The future of retail, for now at least, lies in the ability to surprise and delight shoppers. So how can retailers go about this in practice?
Catching shoppers’ attention
We have seen retailers replacing areas used for transactional footfall with experiential space. A fashion retailer, for example, may have a live catwalk in store which, while having nothing to do with direct transactional engagement, will certainly capture shoppers’ attention; they stay, they watch, they’re surprised and delighted. Morrisons has introduced dry cleaning pick-up and drop-off services, and Target in the US has started putting barber shops in its stores. Both are additional reasons to stay in the store. I can get a haircut and shave while the family does the shopping? I’m surprised and delighted.

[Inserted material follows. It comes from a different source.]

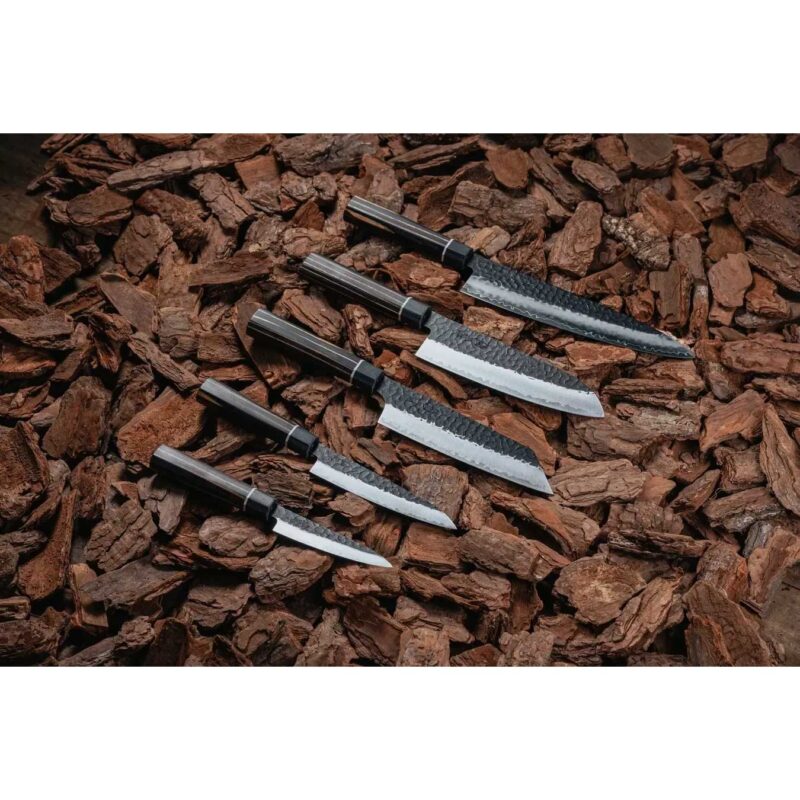 De gehamerde Tsuchime-afwerking voorkomt dat ingrediënten blijven kleven, wat snijden niet alleen sneller maar ook veiliger maakt. De karakteristieke damaststructuur maakt elk exemplaar visueel uniek – een sieraad in iedere keuken.

Online, there has been a lot of talk about augmented reality (AR). But how can this emerging technology drive sales? How can it surprise and delight online shoppers?
Amazon recently released an AR app that enables shoppers to snap one of around 15,000 products and place it on themselves or their home – essentially a virtual approach to ‘try before you buy’ – and IKEA and online home goods retailer Wayfair are doing something similar too. So, AR certainly has the potential to surprise and delight, and itis something we will be investing in as the technology matures over the next year.
Making it personal
Everyone shops in different ways, with different things influencing their purchasing decisions. One person might use an Android device and is happy to view as much content as possible. Another might use an iPad and isn’t interested in recommendations or user reviews. A third might use a desktop and is influenced by nothing more than brand information and product videos.
Most retailers’ websites, however, tend to take a one-size-fits-all approach which, unfortunately, isn’t likely to cut it for much longer. We see a need for personalised shopping so that as a retailer gets more information about a customer, such as what devices they use and what influences them, it then uses that information to serve a personalised page to that customer the next time they visit. Indeed, we’re working on a single line of code that retailers can add to their website, which will enable them to deliver personalised shopping experiences based on the attributes of the visiting shopper.
However, personalisation shopping should not just be limited to an online experience; it should be deployed on a much larger scale. Data gleaned from mobile devices can be used to link an online experience to an in-store visit, for example, allowing forward-thinking retailers to better understand and, in turn, inform a customer’s journey.
In the future, facial analytics could be key to personalised shopping. And with Amazon’s recent $1bn (£708m) acquisition of video doorbell company Ring, which is reported to be developing facial recognition technology, this future may not be too far off.
Whether online or in-store, allowing customers to have their own personalised shopping experience is not only bound to surprise and delight, it is necessary for retailers to thrive and survive.